• PROVIDED DATA
|---|

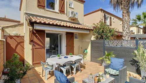 Apresentando vista do jardim, Maison "Havre de Paix" dans résidence avec piscine dispõe de acomodações com uma piscina exterior sazonal, um jardim e um terraço, a cerca de 9 minutos a pé de Praia de Farinette. Com estacionamento privado gratuito, o alojamento está a 10 km de Aqualand Cap d'Agde e 17 km de Mediterranee Stadium.
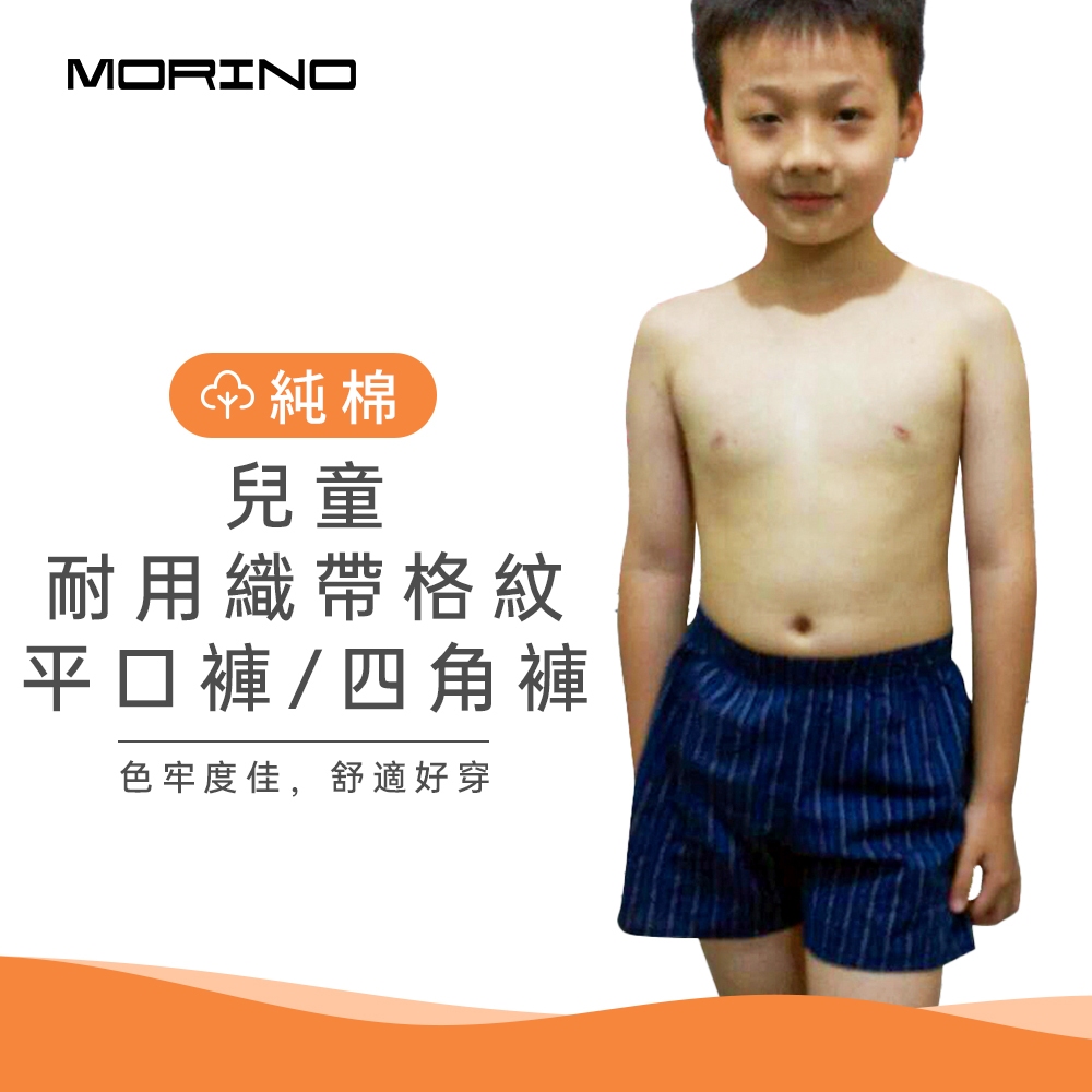 【MORINO】純棉兒童耐用織帶格紋平口褲/四角褲/家居褲_深藍條紋 MO1102M 深藍條紋|L 深藍條紋Underwear & InnerwearMORINO摩力諾 時尚機能旗艦館 男女童內著
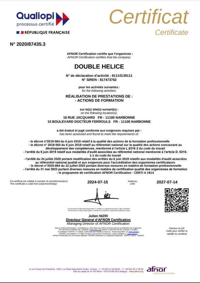 Pédagogie progressive. Le parcours intègre une progression pédagogique et alterne des visios et des entrainements (Exercice et cas pratique)
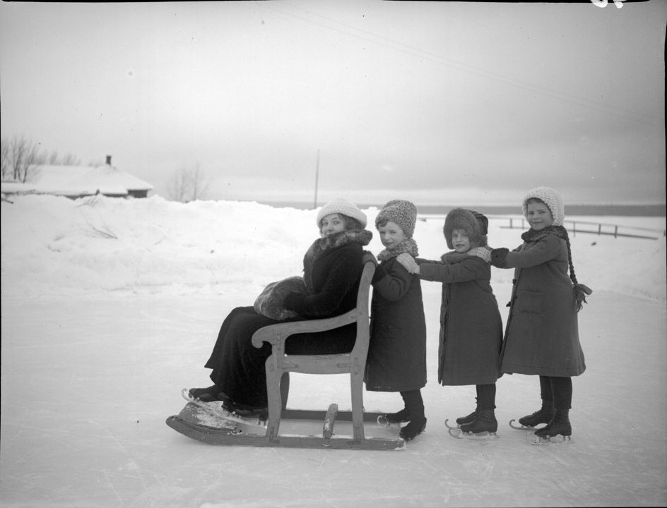 Неизвестная дама и трое детей на коньках. Автор: В.А. Зевеке Место события: г. Воткинск Дата: 1913 г.

|---|

Every line above should be returned exactly; the pictures stay out.

 Apresentando vista do jardim, Maison "Havre de Paix" dans résidence avec piscine dispõe de acomodações com uma piscina exterior sazonal, um jardim e um terraço, a cerca de 9 minutos a pé de Praia de Farinette. Com estacionamento privado gratuito, o alojamento está a 10 km de Aqualand Cap d'Agde e 17 km de Mediterranee Stadium.
 【MORINO】純棉兒童耐用織帶格紋平口褲/四角褲/家居褲_深藍條紋 MO1102M 深藍條紋|L 深藍條紋Underwear & InnerwearMORINO摩力諾 時尚機能旗艦館 男女童內著
 Pédagogie progressive. Le parcours intègre une progression pédagogique et alterne des visios et des entrainements (Exercice et cas pratique)
 Неизвестная дама и трое детей на коньках. Автор: В.А. Зевеке Место события: г. Воткинск Дата: 1913 г.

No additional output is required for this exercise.